Devereux devoted herself to learning how to best serve her students. Between the years of 1910 and 1918, Devereux participated in several post graduate endeavors, including the study of psychiatry, psychoanalysis and speech therapy at colleges and universities in the Philadelphia area. She also took apprenticeship training in the areas of occupational therapy, woodworking and handicrafts. All her efforts focused on improving the education and experience of the students in her charge. In 1914 she began working for the Philadelphia Normal School in order to teach post graduate students in the country's first course on special education.

In 1918, she resigned from the Normal school to teach her private school students full-time. In January 1918 she used $94 of saved and borrowed funds in order to rent a house in Devon, Pennsylvania.

==Organizational growth==
On May 1, 1918, Helena Devereux and her students took residence in the house that became known as “Devereux Stone.” Soon her students numbered 12, and in 1919 Devereux was able to purchase the rental property, as well as the neighboring estate.
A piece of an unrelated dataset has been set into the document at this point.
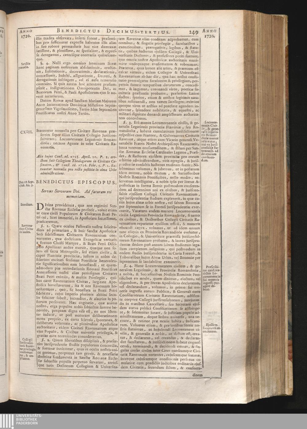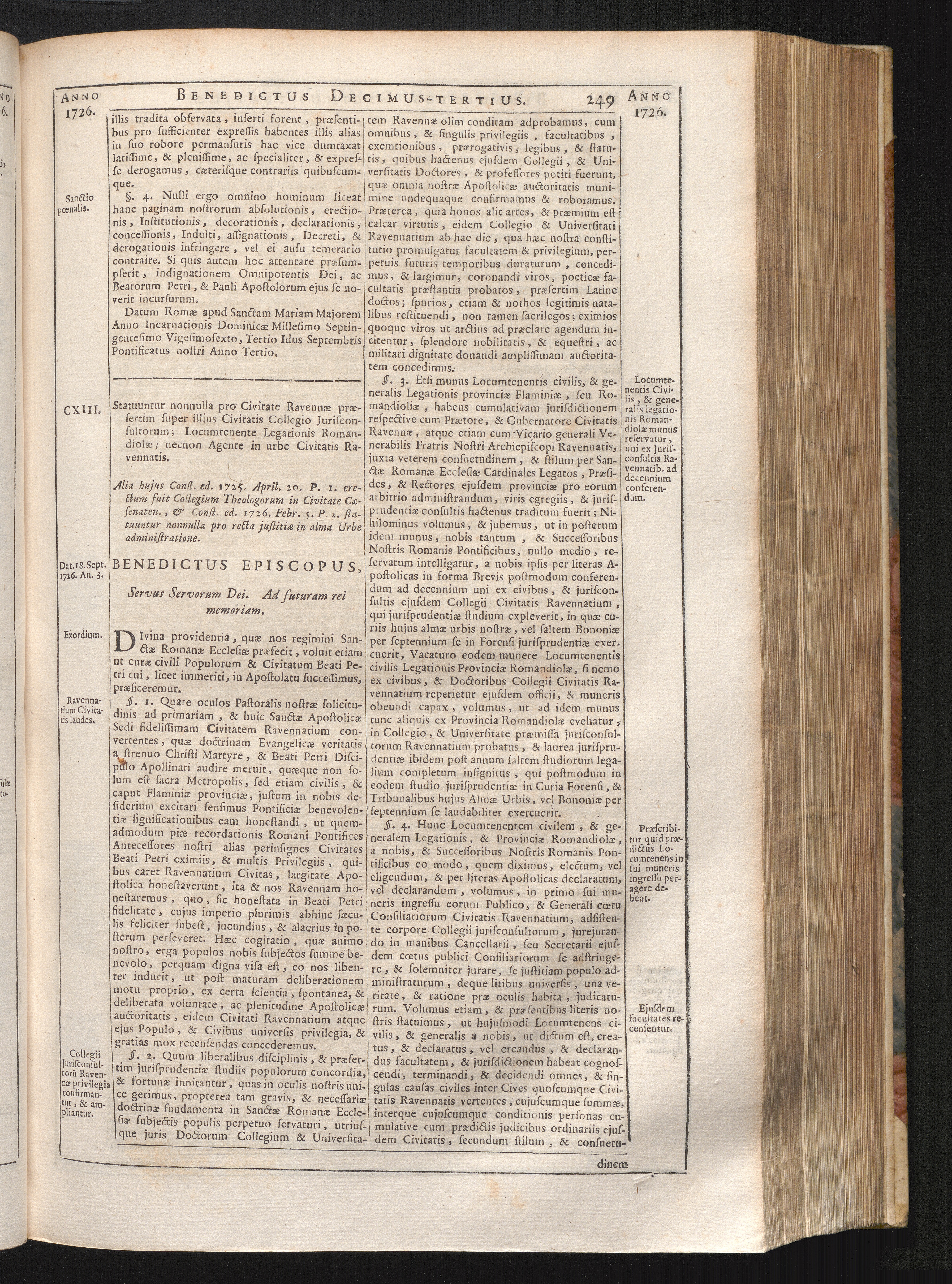 Tomus Decimus-Tertius = Continuationis Pars VII (1740) Complectens Constitutiones ab Innocentio XIII. & Benedicto XIII. editas

Over the course of two years, school enrollment doubled. In 1920 Devereux purchased another property in Berwyn, Pennsylvania in order to provide a home to some of the younger developmentally disabled children in her care. From 1920 onward, the organization saw continued growth, both in enrollment numbers, as well as in properties purchased.

In 1922, the different schools and facilities became united under one name—Devereux Schools. Despite an operating deficit of $250,000 during the Great Depression, Devereux continued to acquire real estate throughout the Philadelphia area. Creditors were kept at bay through the shared burden of Devereux staff, and loans from the parents of Devereux's students.
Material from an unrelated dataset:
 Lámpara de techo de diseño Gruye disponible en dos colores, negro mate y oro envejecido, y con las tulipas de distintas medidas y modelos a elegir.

In 1938 The Commonwealth of Pennsylvania granted The Devereux Foundation its non-profit charter.

In 1940 Devereux transferred all the assets and properties of Devereux Schools to the Foundation. In 1943 The Devereux Foundation expanded tremendously, purchasing another building in Devon as well as a 350-acre estate in Santa Barbara, California. She would continue to serve actively as a consultant.
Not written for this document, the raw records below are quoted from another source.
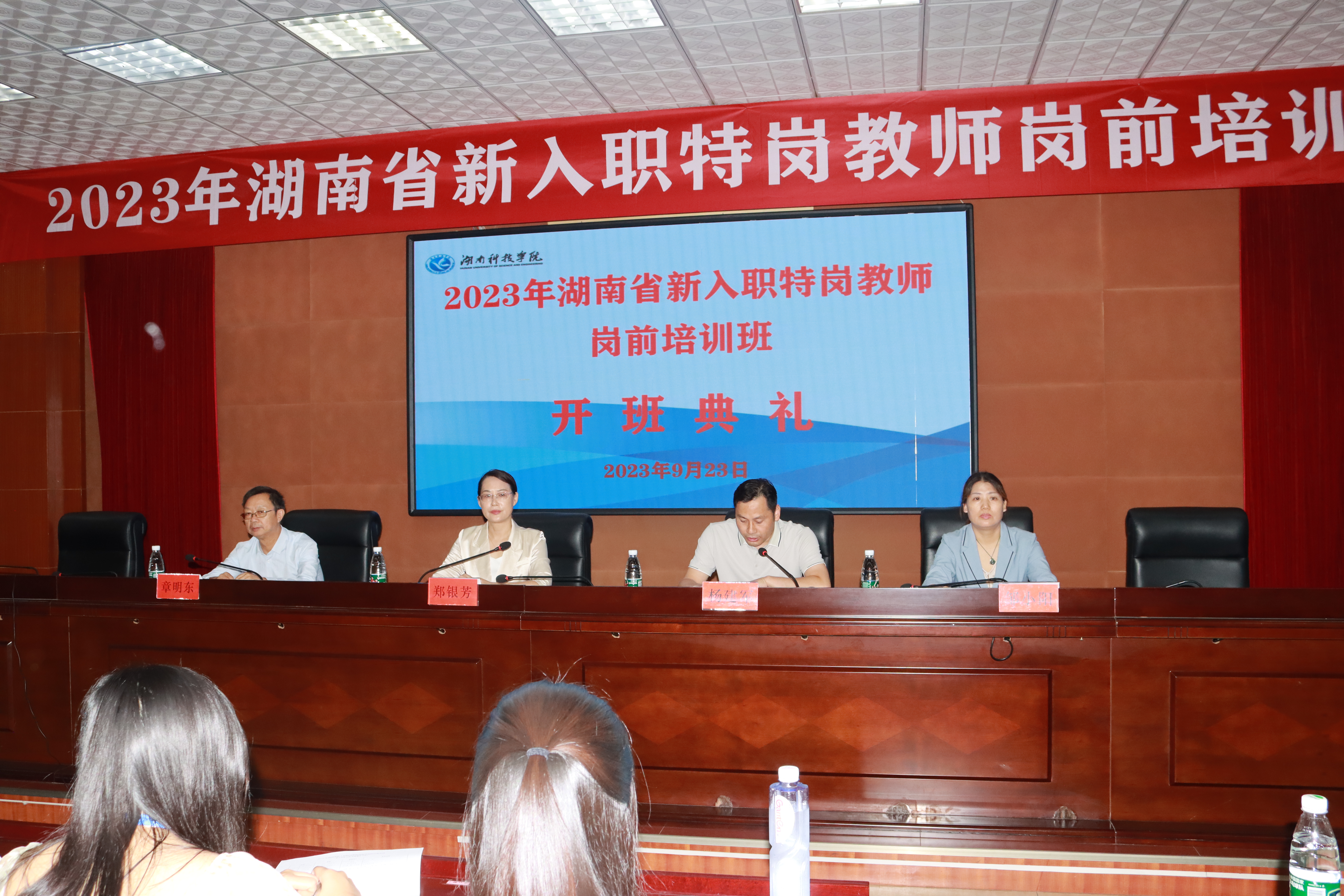 本网讯(通讯员 邹小阳 唐亚男) 9月23日,受湖南省教育厅委托,今年会承办的2023年湖南省新入职特岗教师岗前培训班正式开班。副校长郑银芳,参训单位代表新田县教育局人事股章明东参加开班典礼。开班典礼由继续教育学院负责人杨建军主持。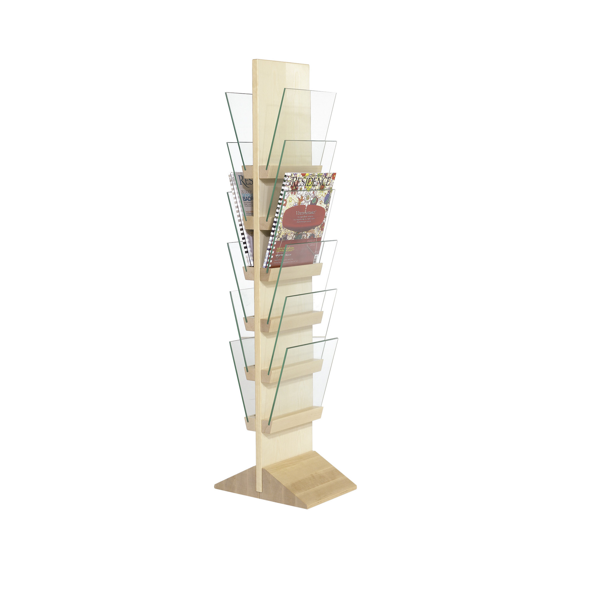 2. Tidsskriftsstativ med rette eller vinklede lister monterade på en eller begge sidene av ryggen.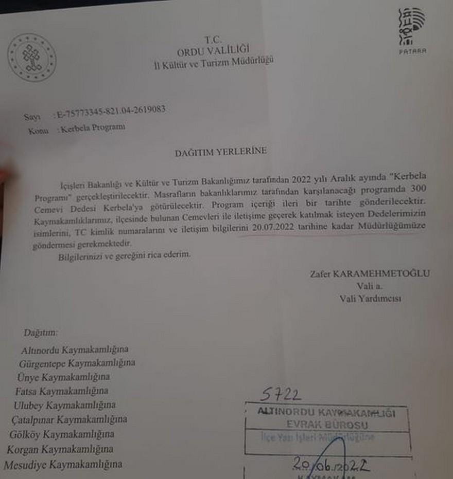 İçişleri Bakanlığı ile Kültür ve Turizm Bakanlığı adına organize edilen fakat arkasında Diyanet İşleri Bakanlığı‘nın bulunduğu bir tertip ile 300 Genç Alevi dedesi Aleviliği İslama entegre edilme çalışmalarında kullanılmak üzere Kerbela’ya götürülmek isteniyor.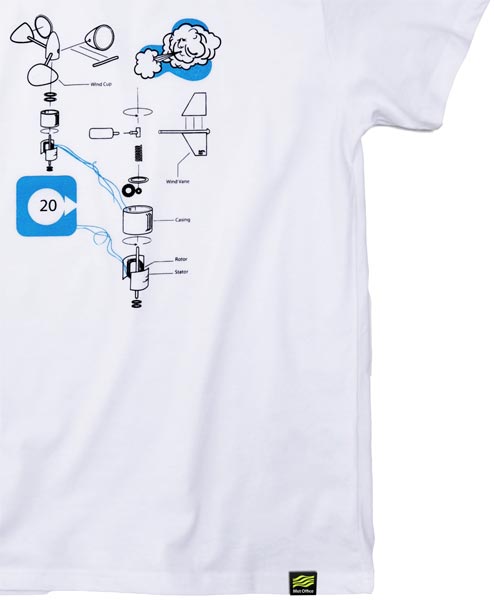 fig.: The illustration by Mart Drake-Knight (co-founder and designer at Rapanui) on the t-shirt is inspired by the science and history of the Met Office. The eco-fabrics are sewn together in a wind powered factory.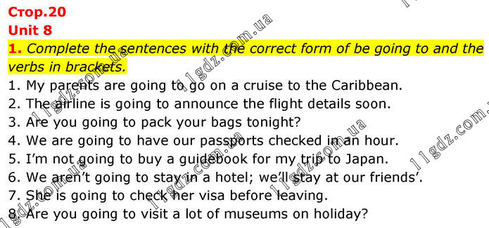 Unit 8 1. Complete the sentences with the correct form of be going to and the verbs in brackets. 1. My parents are going to go on a cruise to the Caribbean. 2. The airline is going to announce the flight details soon. 3. Are you going to pack your bags tonight? 4. We are going to have our passports checked in an hour. 5. I’m not going to buy a guidebook for my trip to Japan. 6. We aren’t going to stay in a hotel; we’ll stay at our friends’. 7. She is going to check her visa before leaving. 8. Are you going to visit a lot of museums on holiday?
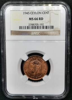 CEYLON 1 CENT 1945 MS 66 RD -TOP POP
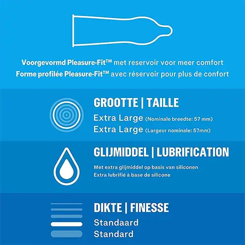 Cette longueur supplémentaire de 215 mm combinée à une largeur nominale de 56 mm offre un meilleur confort à ceux qui ont besoin d’un préservatif plus grand. Préservatif en caoutchouc naturel de grande taille, transparent, en forme, à extrémité de trayon, avec un lubrifiant non spermicide.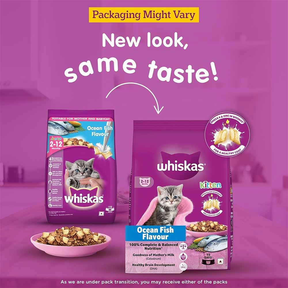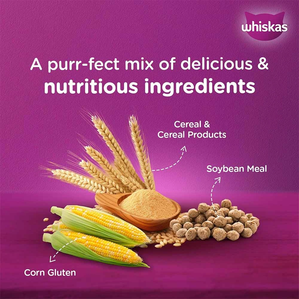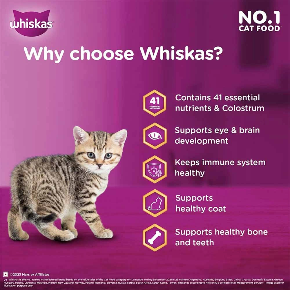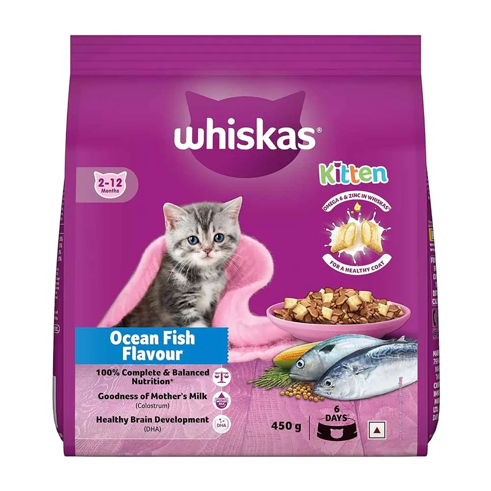 Delicious Ocean Fish Flavor: Whiskas Kitten Dry Cat Food delights your feline friend with nourishing crunchy chunks infused with the irresistible taste of ocean fish.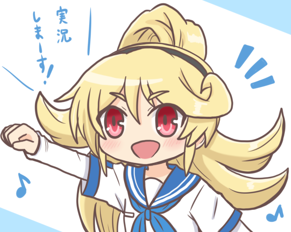 1girl :d arm_up bad_id bad_twitter_id black_hairband blonde_hair blue_neckerchief blue_sailor_collar breast_pocket commentary_request hairband hibiki_meguru layered_sleeves long_hair long_sleeves looking_at_viewer magia_record:_mahou_shoujo_madoka_magica_gaiden mahou_shoujo_madoka_magica minaminagi_liberty_academy_school_uniform musical_note neckerchief notice_lines open_mouth outstretched_arm pocket ponytail red_eyes reverse_(bluefencer) sailor_collar school_uniform serafuku shirt short_over_long_sleeves short_sleeves smile solo translation_request upper_body white_background white_shirt

The Foundation continued to expand in the 1950s and 1960s, opening branches in Texas, Massachusetts, Connecticut, and Arizona. In 1955 Devereux began professional training and research partnerships with several universities including the Teachers College of Columbia University, Pennsylvania State University, University of Pennsylvania, and Bryn Mawr College School of Social Work, among others. 1957 saw the introduction of the Devereux Institute for Research and Training, an initiative to expand professional training and research into the causes and treatment of certain psychological problems in children.

In 1957, Devereux resigned as director of the Foundation.

==Professional acknowledgments==
In 1958 Devereux became the first non-medical person, and only the fourth woman to become an honorary member of the American Psychiatric Association. Devereux's only published paper was published in 1909 in The Psychological Clinic entitled, “Report of a Year’s Work on Defectives in a Public School.”

==Personal life==
In 1924, Devereux married James Fentress, a widower of one of her friends. She continued to be called Miss Devereux. Married 21 years, they maintained very private personal lives, despite collaborating in the affairs of the organization. A strong supporter of his wife's independence and presence as the President of Devereux, Fentress served as the organization's Vice President, overseeing finances as the organization grew in size and scope.

Fentress died in 1943 and Devereux never remarried. Her family life in Pennsylvania centered on her brother, Robert's, children Mary Helena Devereux Scott and Richard Blyton Devereux, M.D.

Devereux died November 17, 1975, at her home in Devon at age 90.